"Seven out of eight unions have signed new agreements," the company said in a statement early on Monday, several hours after a midnight deadline set by the company expired.
"Negotiations continue," it added.
In order to stay afloat, SAS has reached an agreement to increase its existing 3.1 billion kronor ($457 million) revolving credit facility to 3.5 billion, provided by seven banks and the three Scandinavian governments — Sweden, Denmark and Norway — that together own 50 percent of the company.
The financing hinges however on reaching agreements with the unions and getting parliamentary approval for the plan.

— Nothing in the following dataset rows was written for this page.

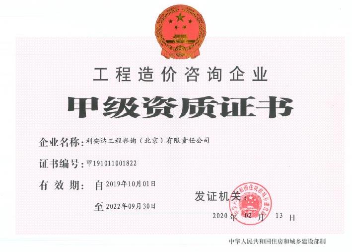 利安達工程咨詢(北京)有限責任公司(以下簡稱“我公司”)前身為利安達工程咨詢(天津)有限責任公司,成立于2004年11月23日,并于2010年9月經(jīng)建設部批準取得工程造價咨詢甲級資質,注冊地為:天津市紅橋區(qū)。2019年5月我公司啟動跨省遷移工作,并于2020年2月辦理完成遷移工作。遷京后注冊地址為北京市朝陽區(qū)慈云寺北里210號樓11層1101內04單元,注冊資金500萬元,黃錦輝先生為公司法定代表人。甲級資質證書編號為甲191011001822。主要經(jīng)營范圍:工程造價咨詢服務、工程招標代理服務、工程咨詢。(依法須經(jīng)批準的項目,經(jīng)相關部門批準后依批準的內容開展經(jīng)營活動)。
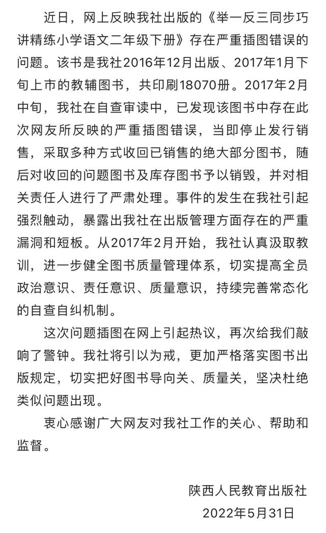 陕西人民教育出版社关于教辅图书插图问题的情况说明
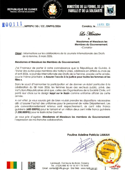 La Guinée a décidé de reporter la célébration de la Journée internationale des droits des femmes, habituellement fixée au 8 mars, à avril 2026. Cette décision, prise par le ministère de la Femme, de la Famille et des Solidarités, vise à harmoniser les initiatives et à donner une dimension particulière à l’événement, placé cette année sous le thème « Assurer l’accès à la justice pour toutes les femmes et les filles ». La ministre Pauline Adeline Patricia Lamah a annoncé dans un communiqué que l’uniforme officiel serait le design « leppi sur bazin ». Les prix ont été fixés à 600 000 francs guinéens pour le tamani et 1 200 000 francs guinéens pour le bazin riche Getzner.
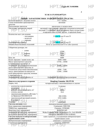 Кол-во мест для сидения (M2, M3, L) пассажиров 33 или 34 или 51 или 53 - водителя 1 - экипажа 1
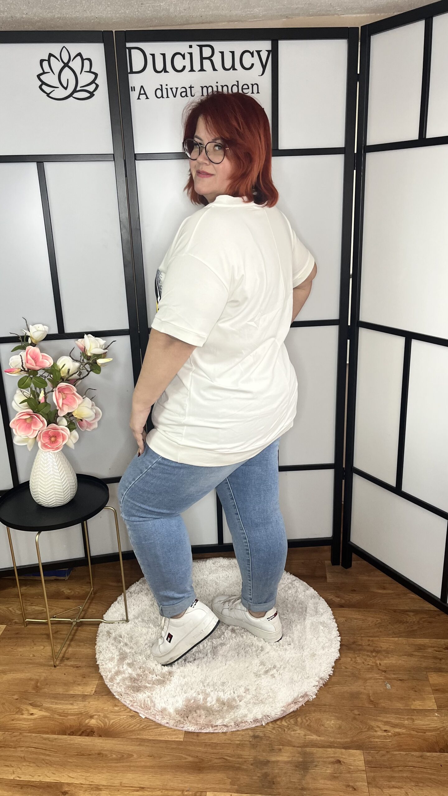 V nyakú, török, pamut Minnie egérrel díszített felső fehér színben

The Danish cabin crew union was on Monday the only one that had not yet signed an agreement.
The company on Sunday told crews on long-haul flights to ensure aircraft had enough fuel to return home, should the group have to file for bankruptcy, Swedish daily Aftonbladet wrote.
The carrier is thought possibly to be heading for its fifth annual loss in a row after a restructuring programme last year failed to turn the company around.
SAS has in recent years come under increasing pressure from low-cost rivals such as Oslo-based Norwegian, Europe's third largest budget airline.
Asset disposals and further outsourcing means the group's total number of employees would fall to 9,000 from 15,000 following under the new plan.
Shares in SAS soared 24.11 percent at around 0900 GMT on the Stockholm bourse. The main OMX Stockholm 30 index, in which the stock is not included, was 1.28 percent higher.